At dinner Mark found himself seated next to Hingest.

“Well,” said Hingest, “have they finally roped you into it, eh?”

“I rather believe they have,” said Mark.

“Because,” said Hingest, “if you thought the better of it I’m motoring back to-night and I could give you a lift.”

“You haven’t yet told me why you are leaving us yourself,” said Mark.

“Oh, well, it all depends what a man likes. If you enjoy the society of that Italian eunuch and the mad parson and that Hardcastle girl-her grandmother would have boxed her ears if she were alive-of course there’s nothing more to be said.”

“I suppose it’s hardly to be judged on purely social grounds-I mean, it’s something more than a club.”

“Eh? Judged? Never judged anything in my life , to the best of my knowledge, except at a flower show. It’s all a question of taste. I came here because I thought it had something to do with science. Now that I find it’s something more like a political conspiracy, I shall go home. I’m too old for that kind of thing, and if I wanted to join a conspiracy, this one wouldn’t be my choice.”

“You mean, I suppose, that the element of social planning doesn’t appeal to you? I can quite understand that it doesn’t fit in with your work as it does with sciences like sociology, but . . .”

“There are no sciences like sociology. And if I found chemistry beginning to fit in with a secret police run by a middle-aged virago who doesn’t wear corsets and a scheme for taking away his farm and his shop and his children from every Englishman, I’d let chemistry go to the devil and take up gardening again.”

“I think I do understand that sentiment that still attaches to the small man, but when you come to study the reality as I have had to do “

“I should want to pull it to bits and put something else in its place. Of course. That’s what happens when you study men: you find mare’s nests. I happen to believe that you can’t study men, you can only get to know them which is quite a different thing. Because you study them, you want to make the lower orders govern the country and listen to classical music, which is balderdash. You also want to take away from them everything which makes life worth living, and not only from them but from everyone except a parcel of prigs and professors.”

“Bill! “said Fairy Hardcastle suddenly, from the far side of the table, in a voice so loud that even he could not ignore it. Hingest fixed his eyes upon her and his face grew a dark red.

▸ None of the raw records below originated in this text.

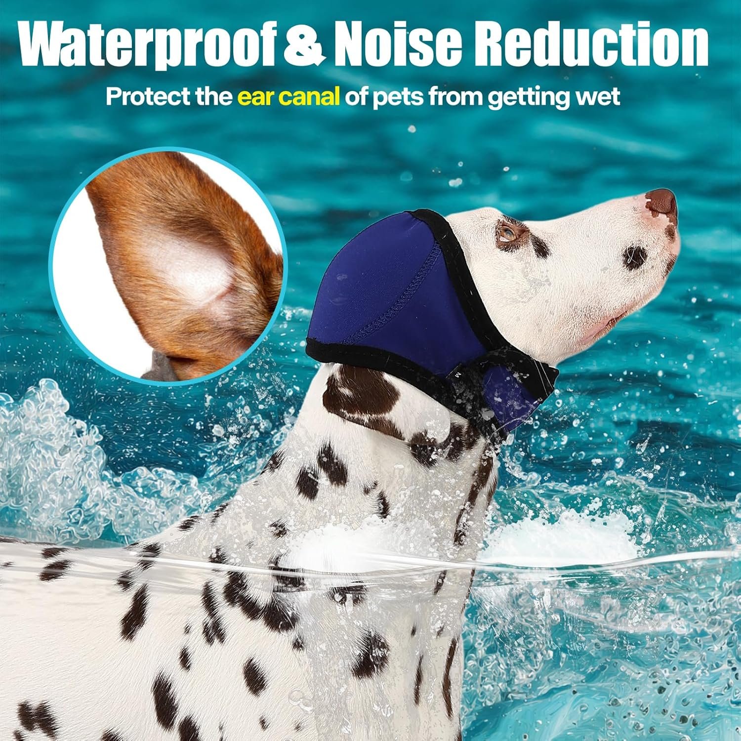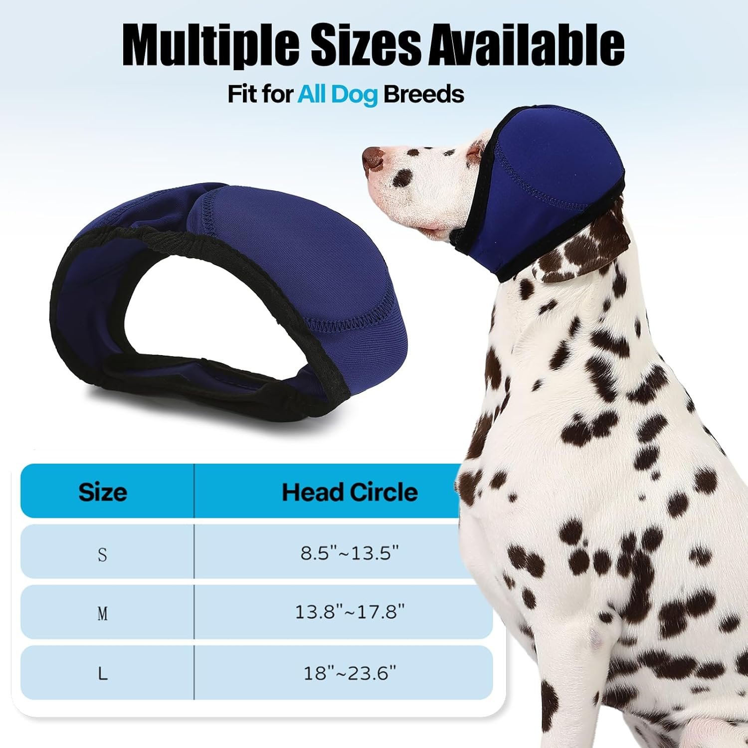 Features a stretchable Velcro headband for quick removal and a secure, comfortable fit for pets. Engineered with soundproof and waterproof materials—ideal for swimming and summer wear. Available in sizes from 8″ to 23.8″, suitable for most large dogs and cats. Please refer to the size chart and measure your pet’s head for the best fit.
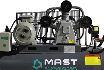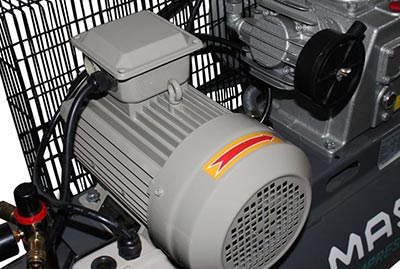 Установлен электродвигатель мощностью 3 кВт с медной обмоткой, рассчитанный на длительные рабочие циклы. Ременной привод снижает нагрузку на мотор и компрессорный блок, повышая общий ресурс оборудования. Запуск осуществляется через контактор, что повышает надёжность при эксплуатации.
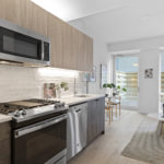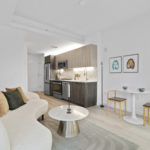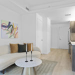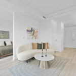This studio at Swift & Co. features a unique alcove layout that creates a natural separation between living and sleeping areas. Floor-to-ceiling windows bring in abundant natural light, complemented by cove lighting for a refined touch. The kitchen includes dual-tone cabinetry and stainless steel appliances, while ample closet space provides practical storage.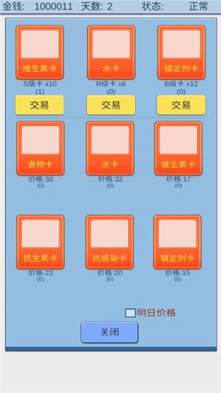 3、卡牌交易:抽到的卡牌除了补充自己的状态以外,还可以进行交易,使用卡牌来换取各种功能卡,或者将各种功能卡出售换钱来继续抽卡。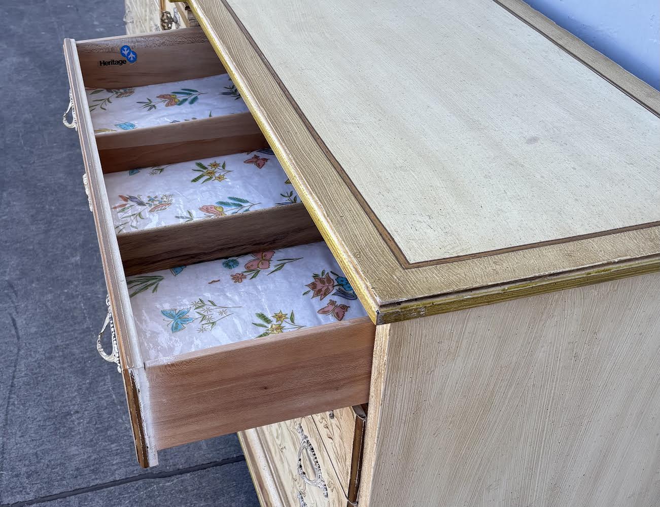 Hello we are selling a Heritage Large Dresser Light Wood with Gold Trim ,it is in good condition .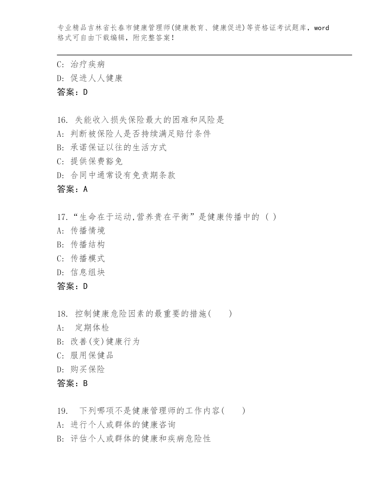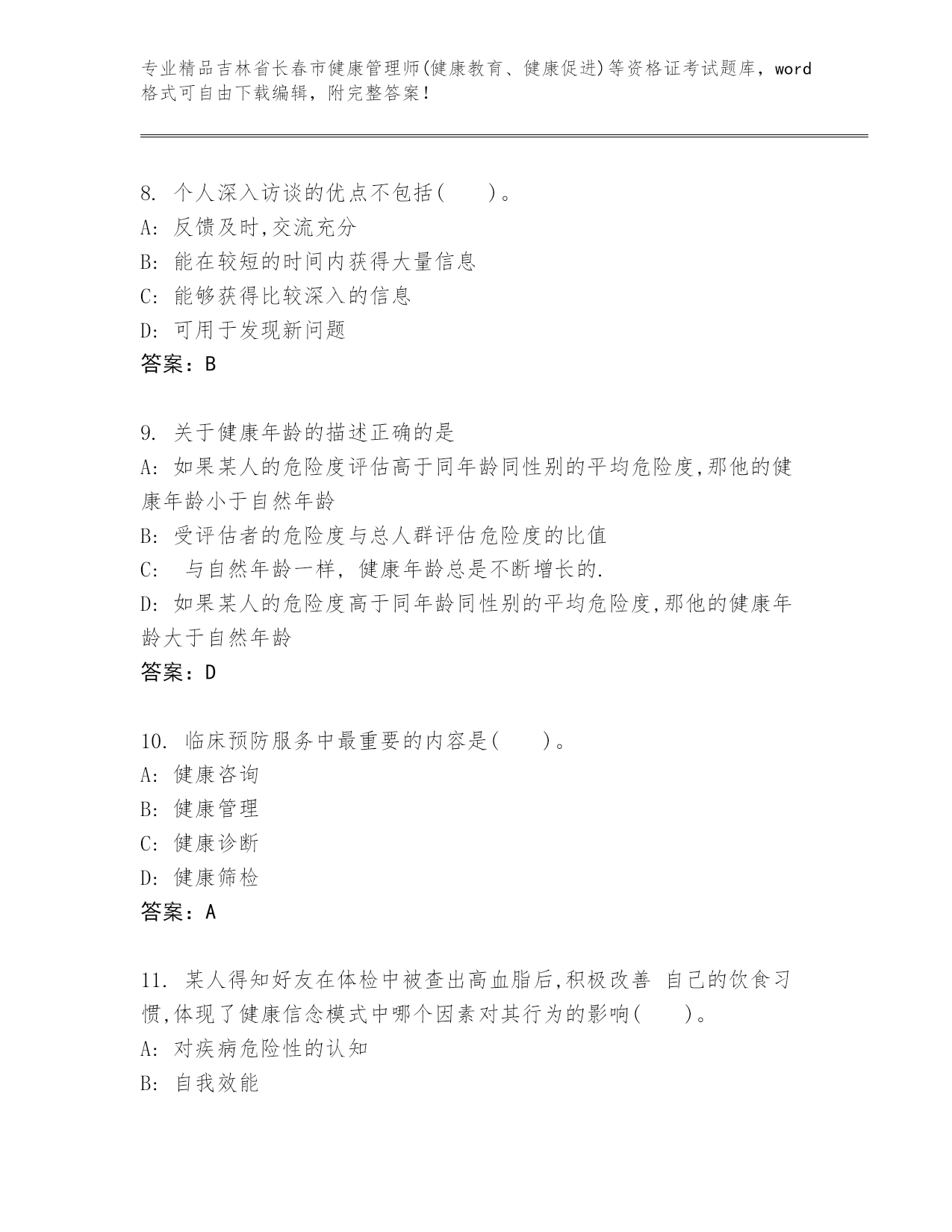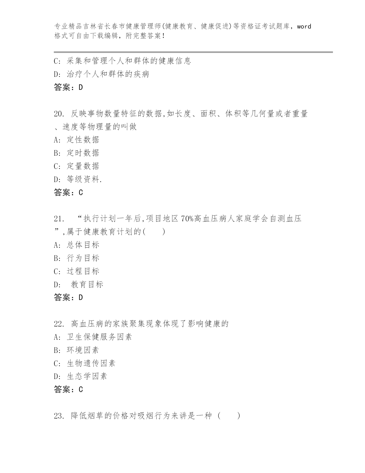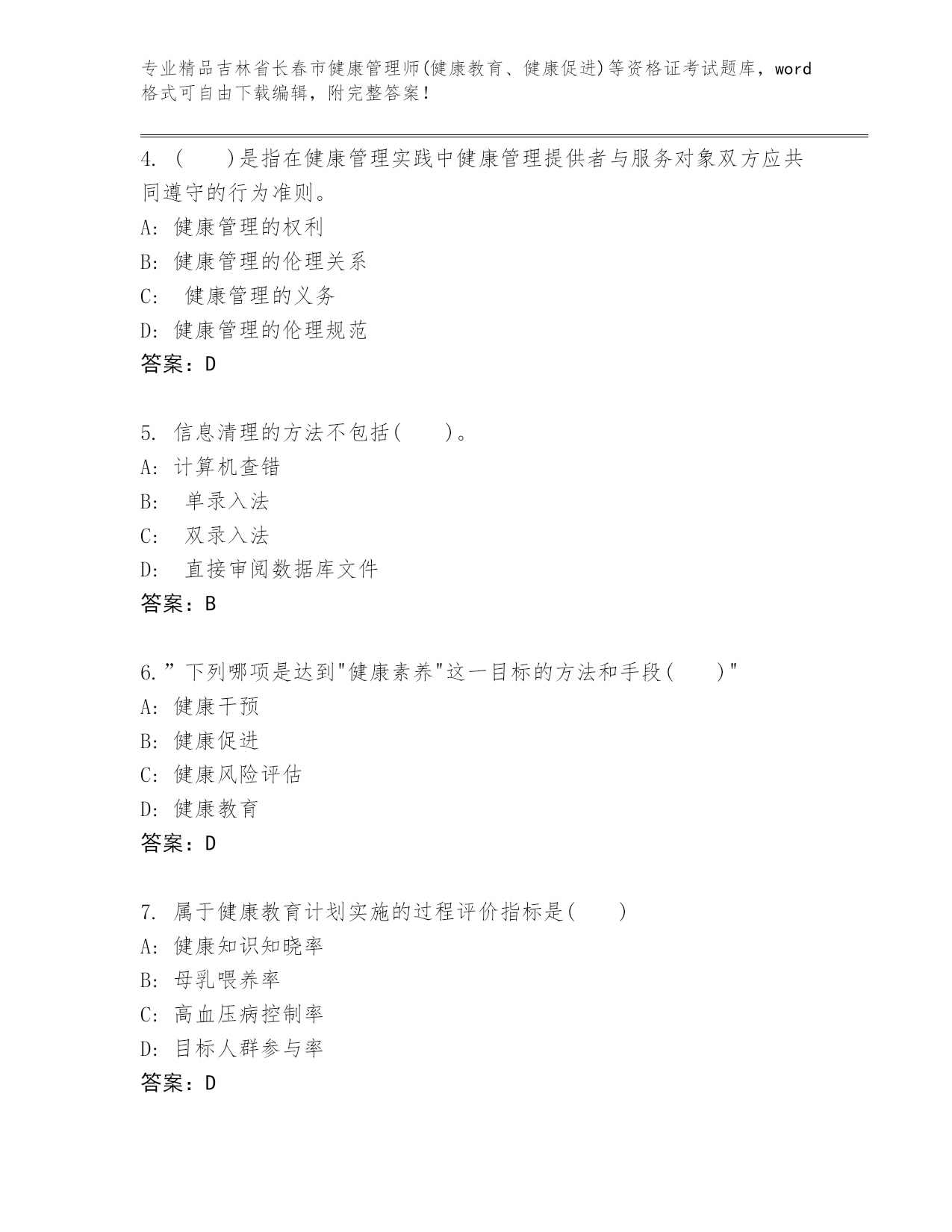 精心整理吉林省长春市健康管理师(健康教育、健康促进)等资格证考试通用题库(培优A卷)

“Is it true,” bawled the Fairy, “that you’re going off by car immediately after dinner?”

“Yes, Miss Hardcastle, it is.”

“I was wondering if you could give me a lift.”

“I should be happy to do so,” said Hingest in a voice not intended to deceive, “if we are going in the same direction.”

“Where are you going?”

“I am going to Edgestow.”

“Will you be passing Brenstock?”

“No, I leave the by-pass at the cross-roads just beyond Lord Holywood’s front gate and go down what they used to call Potter’s Lane.”

“Oh, damn! No good to me. I may as well wait till the morning.”

After this Mark found himself engaged by his left-hand neighbour and did not see Bill the Blizzard again until he met him in the hall after dinner. He was in his overcoat and just ready to step into his car.

He began talking as he opened the door and thus Mark was drawn into accompanying him across the gravel sweep to where his car was parked.